Doctors told Green that they would have had to attach tubes into her father’s throat and stomach and that he would have had to live in a vegetative state for the rest of his life, something he had said many years ago that he would never want after his only son died at 3 months old from choking on a feeding tube.

Green was just getting to know her father well after seeing him only off and on as a child. Her parents divorced when she was young. When Green’s younger brother died, her father started drinking to ease his pain.

Emberton had a long history of alcohol-related arrests in Warren County but “that’s not reason for anybody to kill him,” Green said.

“He just really had a hard time when my brother passed away,” Green said.

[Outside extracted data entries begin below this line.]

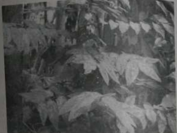
မျက်ပျဉ်းကျ မျက်စိဝေဒနာအတွက် ဆေးဖက်ဝင် ကြက်သဟင်းအပင်

စာရေးသူသည် သမားတော်ကြီး ပျဉ်းပန်း၊ ဆရာမော် ပြောပြသော ထူးခြား ရေးဆေးပင်များနှင့် လက်တွေ့အသုံးချ ဆေးဖက်ဝင်နည်းများ အကြောင်းကို ဆရာကြီး၏ ခွင့်ပြုချက်ဖြင့် နက္ခတ္တရောင်ခြည်မဂ္ဂဇင်းတွင် အခါအားလျော်စွာ ဆောင်းပါးအဖြစ် ရေးသားဖော်ပြလေ့ ရှိပါ၏။ ယခုလည်း ဆရာကြီးကိုယ်တိုင် မျက်ပျဉ်းကျဝေဒနာ ဖိစားခဲ့ရတာကို ဆေးဖက်ဝင် ကြက်သဟင်းရွက်ဖြင့် ကုသ မျောက်ကင်းခဲ့ရပုံကို ရေးသား ဖော်ပြလိုက်ပါသည်။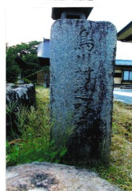
鳥川村 大正9年人口 2,271人 観音寺の山門前に移設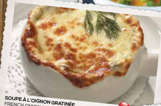
SOUPE À L'OIGNON GRATINÉE FRENCH ONION SOUP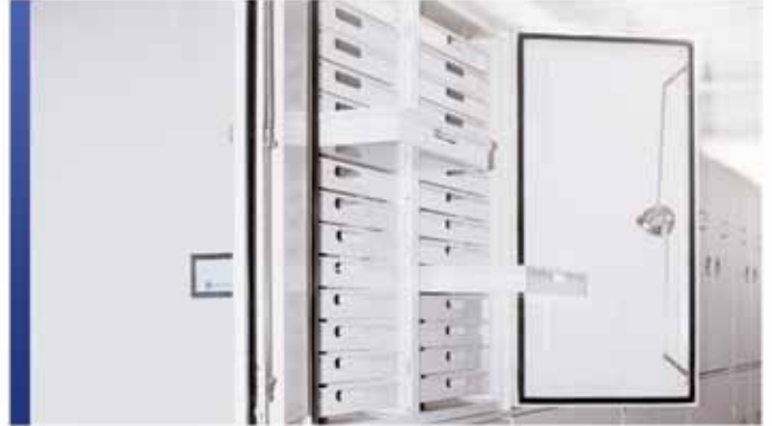
Cabinets de rangement pour artefacts et spécimens

Quelles que soient vos collections à ranger, Montel peut offrir une gamme variée de cabinets soigneusement conçus pour répondre à vos besoins particuliers. Avec une conception flexible et un large éventail d'options, notre vaste sélection de cabinets permettra de protéger vos collections les plus précieuses tout en économisant l'espace au sol.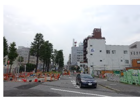
写真㉚ 桜城橋より中央緑道を望む (整備中)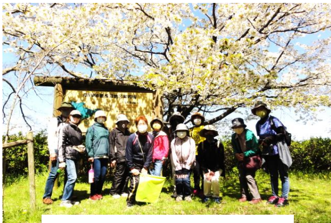
緑地公園内の花が満開の木の下で集合写真

荒神山ふもとの7和ウォーク 青空のもと会話も弾み 楽しいひとときを過ごしました。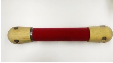
図2 コントローラの外観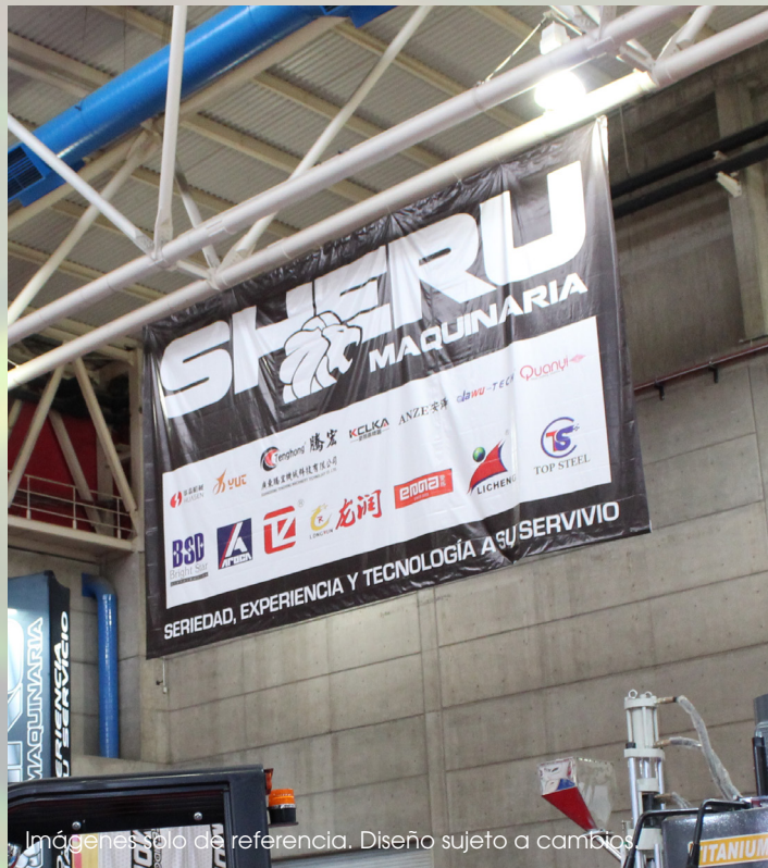
Imágenes solo de referencia. Diseño sujeto a cambios.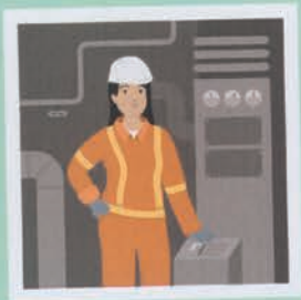
۳۸ مهندس کشتی رانی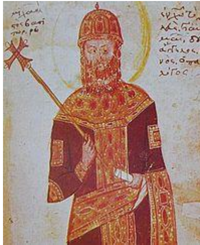
Μιχαήλ Η' Παλαιολόγος

3. Με μυστική εντολή δικοί του άνθρωποι παρακολουθούσαν μέρα-νύχτα την Πόλη αναζητώντας τρόπο να μπουν σ' αυτή κρυφά .

“My dad was a good guy,” she said. “He wouldn’t have hurt nobody, and he doesn’t deserve what happened to him. I don’t know why anybody would have done that to him.”

Kim Mills, a family friend who, along with her sister, Guess, thought of Emberton as an uncle, said Emberton loved children.

“The most important thing to him was his family and friends,” Mills said. “He was wonderful to our children.”

“He would watch my kids when I wouldn’t let anyone else keep them,” Mills said. “He was one person I knew I could trust with my kids.”

Mills’ children, who are 4 and 8 years old, loved Emberton and “will miss him dearly,” she said.

“My 8-year-old is having a tough time with it,” Mills said.

Emberton became a family friend to Mills and Guess when their aunt married Emberton’s sister. Emberton lived with Mills’ and Guess’ parents, Ronnie and Connie Guess, off and on for many years. When he wasn’t living at their home in the county, he would stay with Angela Guess on Lewis Avenue.

The night, that Emberton never returned home. He had left Angela’s house to make a quick run to a market. He was carrying only $1.26 on him, Mills said.

“My main question is why did they do him like that,” Mills said.